A picture show with ultrasound
If you send an ultrasonic wave through the chip with a transducer (a kind of miniature loudspeaker), it passes through the chip unhindered. But as soon as the sound wave hits the water with the hydrogen bubbles, it continues to travel only through the liquid. Like a mask, this creates a sound pressure profile with cut-outs at the points where the air bubbles are located. To form a different sound profile, the researchers first wipe the hydrogen bubbles away from the chip and then generate gas bubbles in a new pattern.

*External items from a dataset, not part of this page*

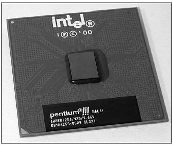 Рис. 2.2.Процессор Intel pentium ii В 1998 году была выпущена облегченная версия Pentium II – процессор Intel Celeron (до 433 МГц для Slot-1). Первые версии Celeron не имели кэш-памяти (специальная быстродействующая память, использующаяся для быстрого доступа к информации, которую недавно использовал процессор) второго уровня, поэтому работали медленнее, чем Pentium II. Но чуть позже были выпущены процессоры Celeron, которые по своей производительности превосходили процессоры Pentium II. В 1999 году был выпущен процессор Pentium III на базе ядра Katmai. Он также был выполнен в виде картриджа (слот для этого процессора назывался Slot II), тактовая частота достигала 600 МГц. Особенность данного процессора – инструкции SSE (Streaming SIMD Extensions) и расширенный набор команд MMX. Также в 1999 году был выпущен процессор Pentium III на базе ядра Coppermine (рис. 2.3). Заявленная тактовая частота – до 1200 МГц. Первые процессоры на базе Coppermine работали довольно нестабильно в предельных режимах, что подмочило репутацию компании Intel. По зже Intel исправилась. В отличие от Pentium II и первого Pentium III, данный процессор выполнен не в виде картриджа, а в виде обычного процессора (гнездо называлось Socket 370). Еще в 1999 году появился процессор Intel Celeron Coppermine – усовершенствованная версия Intel Celeron; как и PIII Coopermine, новый Celeron устанавливался в гнездо Socket 370, а его частота не превышала 1100 МГц.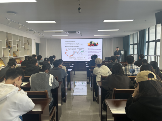 吕培涛研究员以 “热带作物果实品质形成的表观遗传调控 —— 以香蕉为例”为题展开分享。报告中,他结合自身深耕热带作物研究的丰富经验,系统阐述了香蕉等园艺作物重要性状形成与调控的核心机制,重点解析了表观遗传调控在热带作物果实品质塑造中的关键作用,并介绍了其团队在植物ENCODE大数据创建与整合方面的突破性进展。作为在国际农学领域颇具影响力的专家,吕培涛研究员已以第一作者或通讯作者身份在《Nature Genetics》《Nature Plants》《Nature Communications》《Plant Cell》等顶级期刊发表论文50 多篇,他在报告中分享的研究思路、实验设计技巧,为在场师生提供了宝贵的学术借鉴。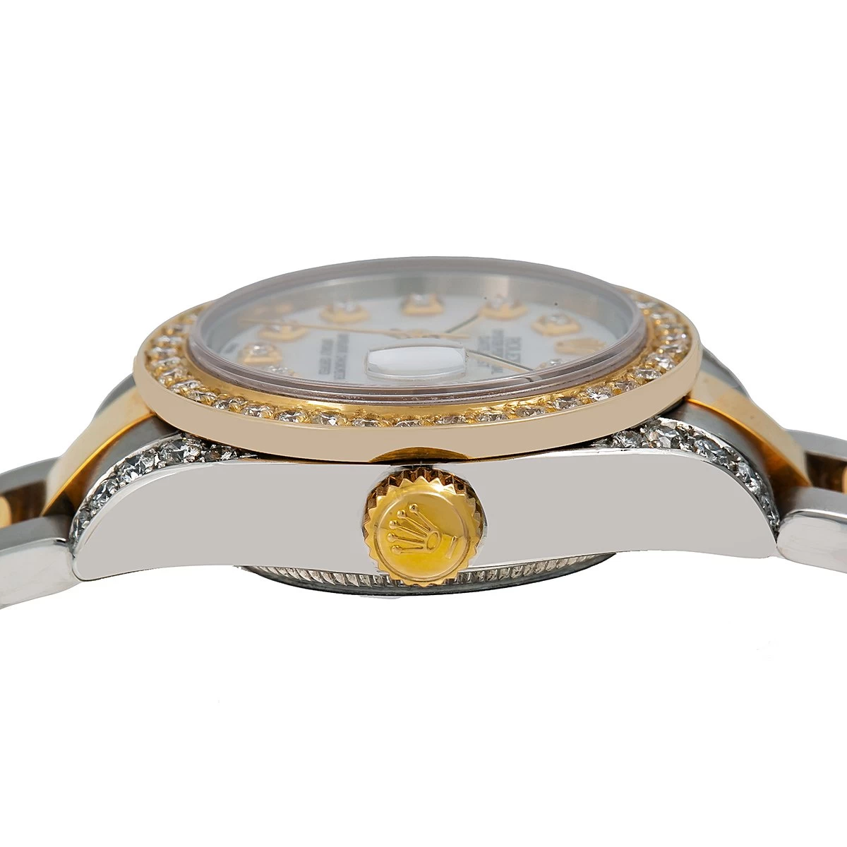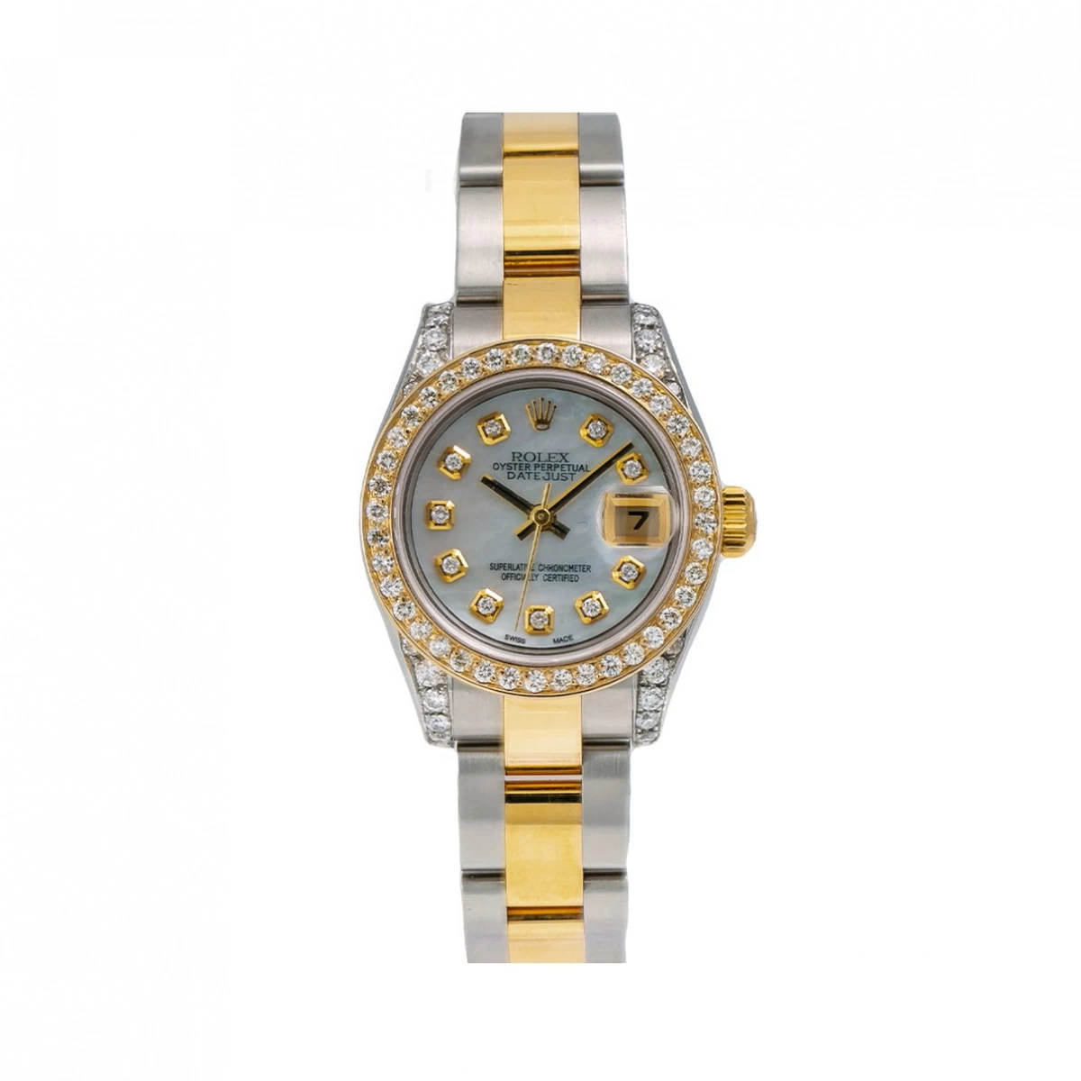 This Rolex Datejust 179173 26mm Silver Diamond Dial With 1.25 carats of Diamonds for ladies is extremely stylish and elegant with the beautiful silver dial shimmering alongside the dazzling white round diamonds. The incrusted bezel is made in yellow gold which makes the precious diamonds shine even brighter due to the complimenting contrast with yellow gold. The lugs of the watch are also incrusted for continuous sparkle from every angle. Diamonds in hours markers and a date display at the 3 o’clock position complete this brilliant companionship of a timepiece and impeccable style. The two tones of the oyster bracelet – make it a perfect match for any outfit and will be an unforgettable gift for yourself or your loved one. Please note: this ladies diamond Rolex watch is pre-owned, in flawless condition and comes in an original box with a full 5 year warranty from ItsHot.com.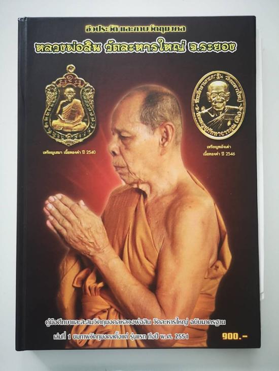 หนังสือชีวประวัติและรวมภาพวัตถุมงคลหลวงพ่อสิน วัดละหารใหญ่ ระยอง ภาพสี จำนวน 208 หน้า
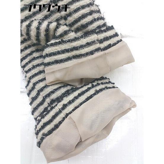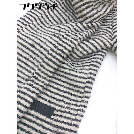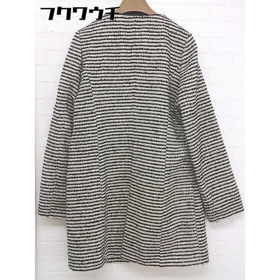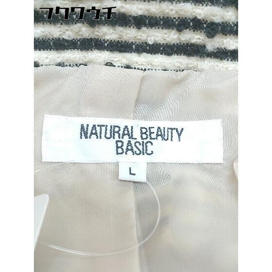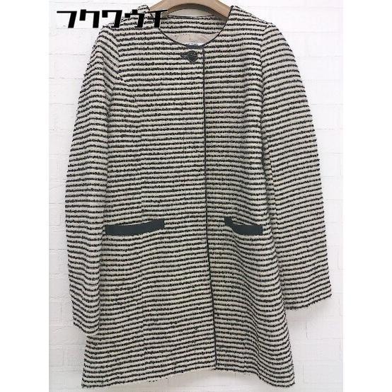 ◇ NATURAL BEAUTY BASIC ボーダー ノーカラー 長袖 コート サイズL ベージュ系 ブラック レディース

The researchers demonstrated how precisely and variably the new projector for ultrasound works by writing the alphabet in a kind of picture show of sound pressure profiles. To make the letters visible, they caught micro-particles in the various sound pressure profiles. Depending on the sound pattern, the particles arranged themselves into the individual letters.
Written with sound: Matching patterns of gas bubbles on the chip generate sound pressure profiles in which micro-particles and letters arrange themselves. It takes about 10 minutes to write a new letter. However, it can be done faster with other chips.
Organoid models for drug testing
For similar images, the scientists collaborating with Peer Fischer, Kai Melde, and Zhichao Ma previously arranged micro-particles with sound pressure profiles, which they modeled using a slightly different technique. They used special plastic stencils to deform the pressure profile of an ultrasonic wave like a hologram and arrange small particles—as well as biological cells in a liquid—into a desired pattern. However, the plastic holograms only provided still images. For each new pattern, they had to make a different plastic template. Using the ultrasound projector, the Stuttgart team is able to generate a new sound profile in about 10 seconds.
“With other chips, we could significantly increase the frame rate,” says Kai Melde, who led the hologram development team.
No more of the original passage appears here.